Home Base is a veteran and family care program founded in 2009 by the Boston Red Sox and Massachusetts General Hospital. It is one of four such facilities at academic medical centers — the others are Rush in Chicago, Emory in Atlanta, and UCLA in Los Angeles.

They offer both outpatient treatment, as well as inpatient Intensive Clinical Programs (ICPs) funded by Wounded Warrior Project. Home Base’s ICP involves two weeks of residential treatment at no cost to veterans. Ten injured warriors at a time enter ICP as a “cohort.” Since the pilot program in 2015, twenty-seven cohorts have gone through ICP with promising results, according to Home Base’s CEO, Brigadier General Jack Hammond (Ret.).

The cohorts attend individual and group therapies, exposure or cognitive processing therapies, wellness activities, and coping skills training. They get one year’s worth of therapy in 14 days.

In art therapy, veterans create masks. On the outside, they show what the world sees. Here, camouflage.
Inside the mask, veterans draw what they try to hide. Here, fear, anxiety, stress, sadness, hatred.

I visited on day 15 — Graduation Day.

I was taken to a small, quiet space that had been neatly lined with folding chairs. A table held yellow flowers, challenge coins, and graduation certificates.

From the back, I watched the cohort file into the front row. Clinicians, staff, and a few of the veterans’ family members took the seats behind.

In ICP, veterans can invite one family member to attend the program for two days during the second week to receive coping skills training and attend group therapy. It’s an integral part of recovery, according to General Hammond. “The family members have been injured by virtue of their own stress of having a loved one so far away, or by the service member coming home and disrupting the family ecosystem. In either case, you can’t just treat the veteran, you have to heal the entire ecosystem,” he said.

Members of each cohort are given symbolic tokens of their accomplishment. Here, a custom-made Home Base challenge coin and a biker's guardian bell.
Members of each cohort are given symbolic tokens to commemorate their finishing the intensive course of treatment. Here, a custom-made Home Base challenge coin and a biker’s guardian bell.

After heartfelt speeches from clinicians and staff, members of the cohort stood to speak to the group one final time.

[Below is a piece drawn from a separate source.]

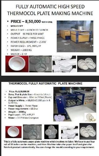 Dona, Thai & plate Size :- 4 inch to 14 inch Cup and Glass size :- 40ml to 80ml (Plastic) Output :- 60,000 to 65,000 pcs in 8 to 10 hrs. Power Supply :- Three Phase Power requirement :- 32 kw Weight :- 2000 kg approx.. Paper used :- EPS, HIPS,PP Motor :- 3 HP Make Crompton

A gruff warrior with a salt and pepper beard could only squeak out, “Thank you,” before being seized by emotion.

A woman veteran who they referred to as their “den mother,” showed her appreciation for the simplicity of the process. “Here, you wake up, you set your soul free, then you go to sleep. You get up the next day, and do it all over again.”

A quiet veteran stood with his PTSD assistance dog and admitted that his treatment might be too late to save his marriage. “But that’s okay. It’s reality, and now I have other people I can reach out to. I have friends. I’ll be okay.”

The jokester of the group surprised everyone with this frank confession: “When I came here, I thought this was it. I had a gun to my head. But I’m leaving here with hope for my future. You literally saved my life.”

General Hammond encourages other warriors to consider treatment. “I like to tell veterans, you are not alone, every one of us has gone through these challenges, me included. The key is to get care, start the process. We can give you hope for a better life.”

Veterans and their families can get more information at www.woundedwarriorproject.org/programs/warrior-care-network or at www.homebase.org/ICP.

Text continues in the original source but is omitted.